> _Requirement_
Beginning at the line that holds "Fig. 5 Egel" and continuing to the last line of the data below, transcribe every line word for word, without pictures.

----

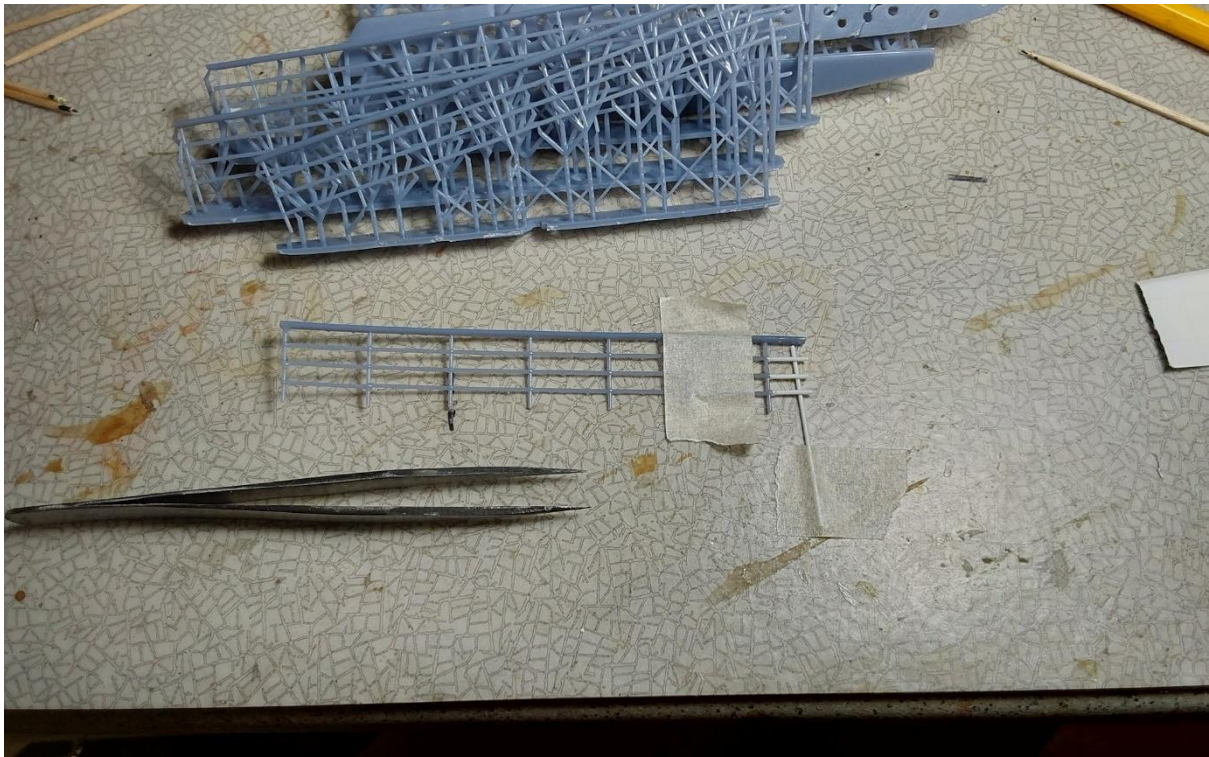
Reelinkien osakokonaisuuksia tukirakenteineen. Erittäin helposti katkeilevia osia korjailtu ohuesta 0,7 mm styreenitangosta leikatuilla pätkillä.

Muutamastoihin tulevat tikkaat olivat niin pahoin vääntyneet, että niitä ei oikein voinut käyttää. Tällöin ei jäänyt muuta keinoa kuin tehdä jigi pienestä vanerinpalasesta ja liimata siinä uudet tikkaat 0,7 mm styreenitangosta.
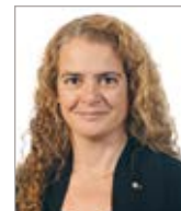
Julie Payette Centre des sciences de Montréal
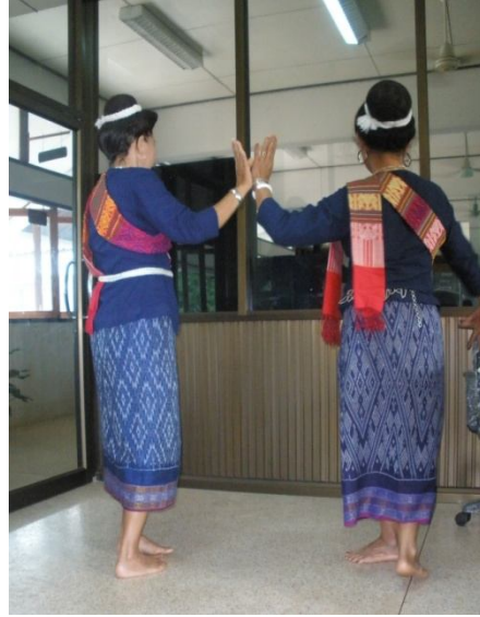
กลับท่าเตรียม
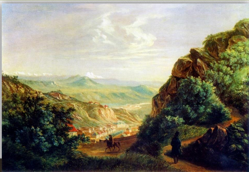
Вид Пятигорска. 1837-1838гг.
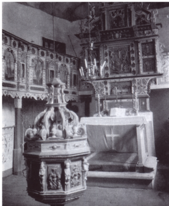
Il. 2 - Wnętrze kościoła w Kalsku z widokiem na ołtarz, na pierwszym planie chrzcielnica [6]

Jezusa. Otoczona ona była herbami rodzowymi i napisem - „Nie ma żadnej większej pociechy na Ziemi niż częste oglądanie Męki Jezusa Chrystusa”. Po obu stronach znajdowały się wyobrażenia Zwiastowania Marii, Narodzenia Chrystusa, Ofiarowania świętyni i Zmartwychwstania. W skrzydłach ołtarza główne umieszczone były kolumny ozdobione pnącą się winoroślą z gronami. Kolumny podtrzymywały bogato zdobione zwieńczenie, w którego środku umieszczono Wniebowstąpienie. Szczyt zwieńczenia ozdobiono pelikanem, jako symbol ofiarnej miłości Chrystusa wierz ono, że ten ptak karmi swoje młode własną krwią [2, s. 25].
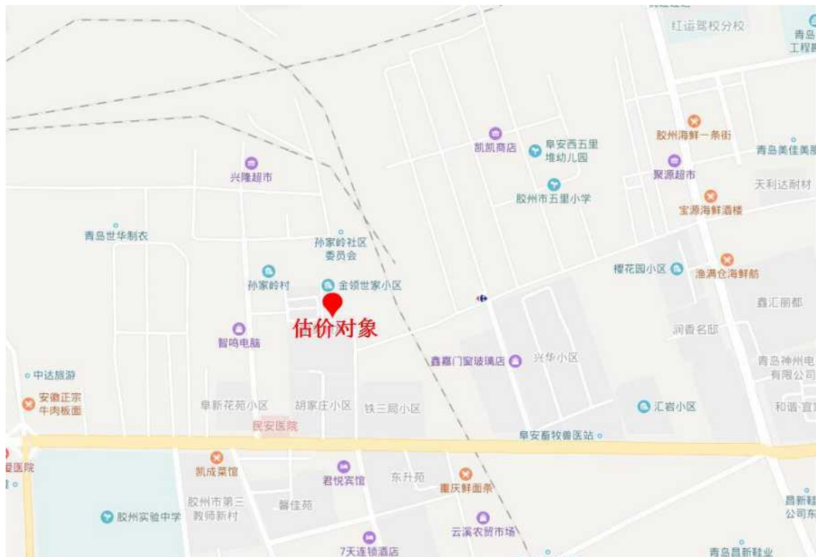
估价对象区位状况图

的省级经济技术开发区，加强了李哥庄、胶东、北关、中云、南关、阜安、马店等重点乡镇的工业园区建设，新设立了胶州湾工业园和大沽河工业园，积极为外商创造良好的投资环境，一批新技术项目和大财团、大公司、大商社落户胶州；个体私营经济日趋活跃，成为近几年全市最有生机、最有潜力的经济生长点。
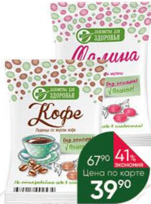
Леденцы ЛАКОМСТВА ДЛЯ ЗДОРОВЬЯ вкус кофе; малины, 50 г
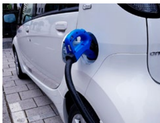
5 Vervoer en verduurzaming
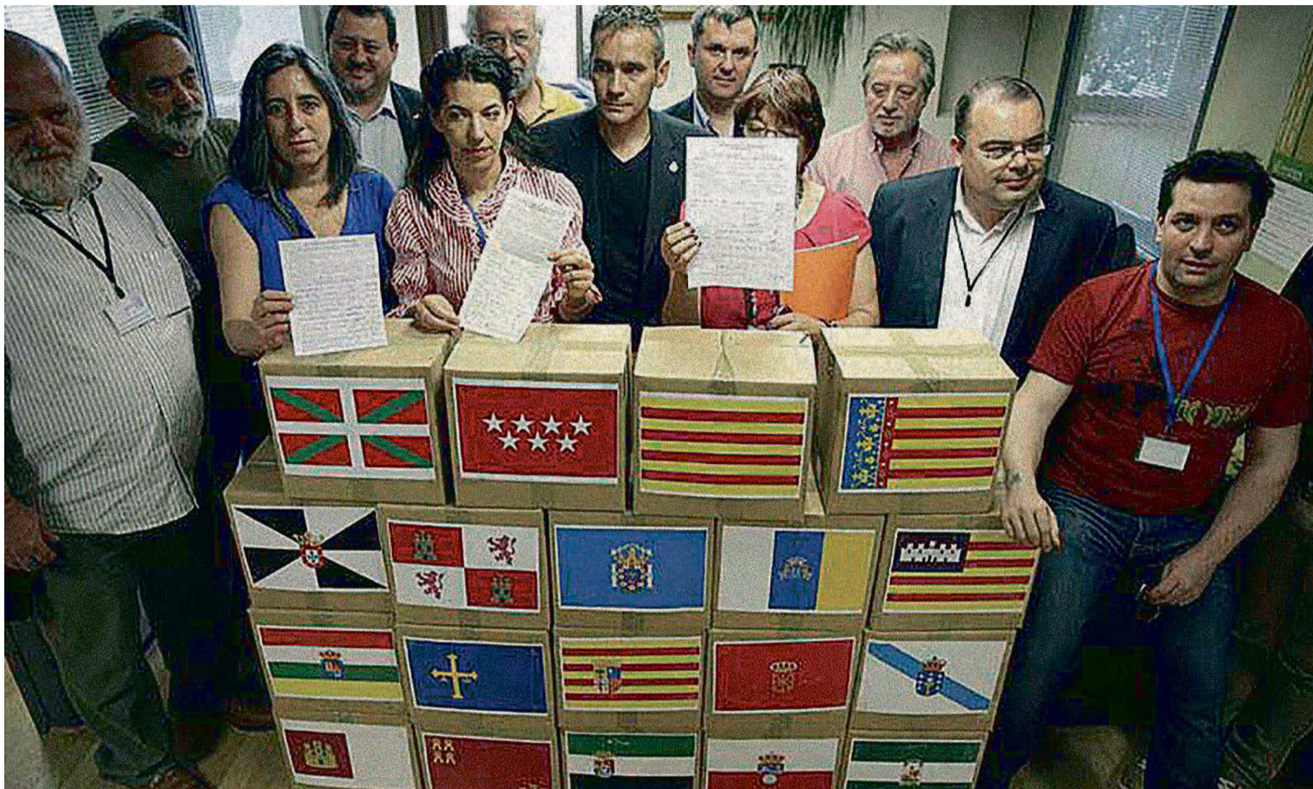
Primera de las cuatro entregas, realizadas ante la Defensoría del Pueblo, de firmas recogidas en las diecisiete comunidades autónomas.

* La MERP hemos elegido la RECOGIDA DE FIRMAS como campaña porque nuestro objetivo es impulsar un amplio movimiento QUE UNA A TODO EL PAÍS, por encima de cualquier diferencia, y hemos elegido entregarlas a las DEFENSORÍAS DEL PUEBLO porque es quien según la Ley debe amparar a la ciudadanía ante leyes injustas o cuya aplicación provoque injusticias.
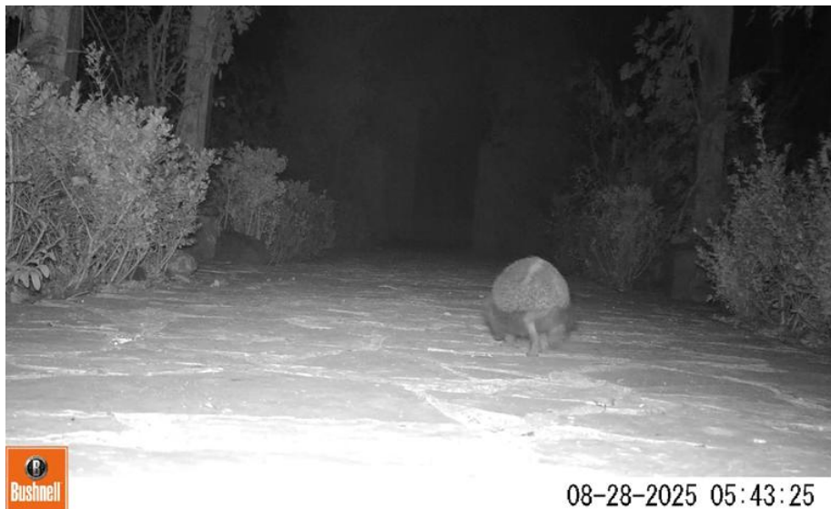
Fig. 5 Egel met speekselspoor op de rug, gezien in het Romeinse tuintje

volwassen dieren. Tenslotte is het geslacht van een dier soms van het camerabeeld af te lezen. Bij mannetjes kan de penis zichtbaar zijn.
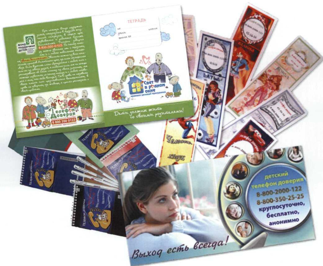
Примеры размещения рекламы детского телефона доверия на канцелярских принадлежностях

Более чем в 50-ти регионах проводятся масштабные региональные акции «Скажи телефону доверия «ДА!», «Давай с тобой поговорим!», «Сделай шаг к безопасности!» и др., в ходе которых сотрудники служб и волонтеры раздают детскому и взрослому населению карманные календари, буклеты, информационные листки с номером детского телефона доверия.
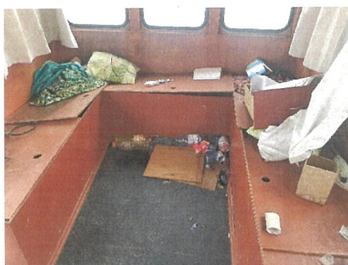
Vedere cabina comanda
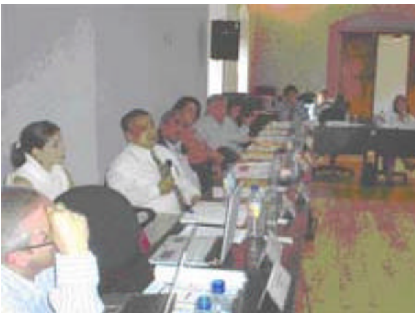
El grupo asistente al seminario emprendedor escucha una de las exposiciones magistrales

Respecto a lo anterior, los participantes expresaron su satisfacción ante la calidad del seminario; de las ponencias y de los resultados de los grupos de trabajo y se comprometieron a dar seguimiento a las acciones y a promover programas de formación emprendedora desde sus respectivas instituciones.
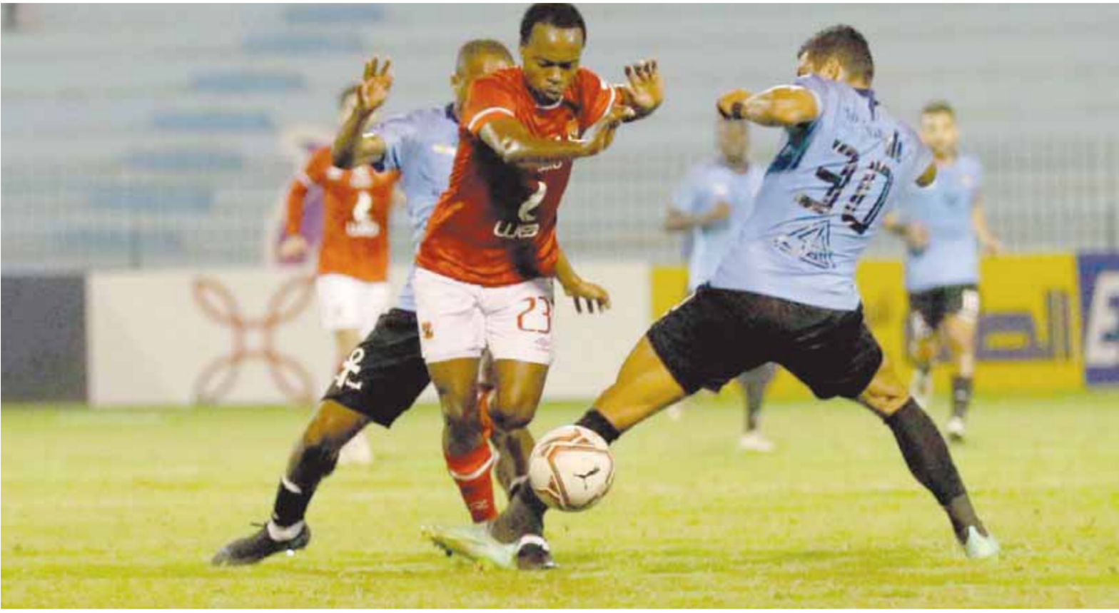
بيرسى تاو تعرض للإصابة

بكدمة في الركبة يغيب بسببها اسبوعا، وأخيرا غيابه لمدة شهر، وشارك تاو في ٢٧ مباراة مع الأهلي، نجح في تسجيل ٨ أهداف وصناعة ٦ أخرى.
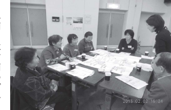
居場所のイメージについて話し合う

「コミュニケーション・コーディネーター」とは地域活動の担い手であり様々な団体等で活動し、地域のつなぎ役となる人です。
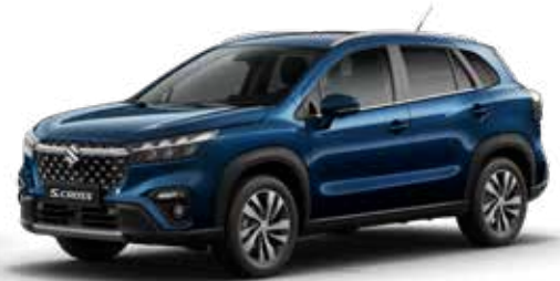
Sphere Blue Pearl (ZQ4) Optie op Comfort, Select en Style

----

> _Result for this task_
Fig. 5 Egel met speekselspoor op de rug, gezien in het Romeinse tuintje

volwassen dieren. Tenslotte is het geslacht van een dier soms van het camerabeeld af te lezen. Bij mannetjes kan de penis zichtbaar zijn.
Примеры размещения рекламы детского телефона доверия на канцелярских принадлежностях

Более чем в 50-ти регионах проводятся масштабные региональные акции «Скажи телефону доверия «ДА!», «Давай с тобой поговорим!», «Сделай шаг к безопасности!» и др., в ходе которых сотрудники служб и волонтеры раздают детскому и взрослому населению карманные календари, буклеты, информационные листки с номером детского телефона доверия.
Vedere cabina comanda
El grupo asistente al seminario emprendedor escucha una de las exposiciones magistrales

Respecto a lo anterior, los participantes expresaron su satisfacción ante la calidad del seminario; de las ponencias y de los resultados de los grupos de trabajo y se comprometieron a dar seguimiento a las acciones y a promover programas de formación emprendedora desde sus respectivas instituciones.
بيرسى تاو تعرض للإصابة

بكدمة في الركبة يغيب بسببها اسبوعا، وأخيرا غيابه لمدة شهر، وشارك تاو في ٢٧ مباراة مع الأهلي، نجح في تسجيل ٨ أهداف وصناعة ٦ أخرى.
居場所のイメージについて話し合う

「コミュニケーション・コーディネーター」とは地域活動の担い手であり様々な団体等で活動し、地域のつなぎ役となる人です。
Sphere Blue Pearl (ZQ4) Optie op Comfort, Select en Style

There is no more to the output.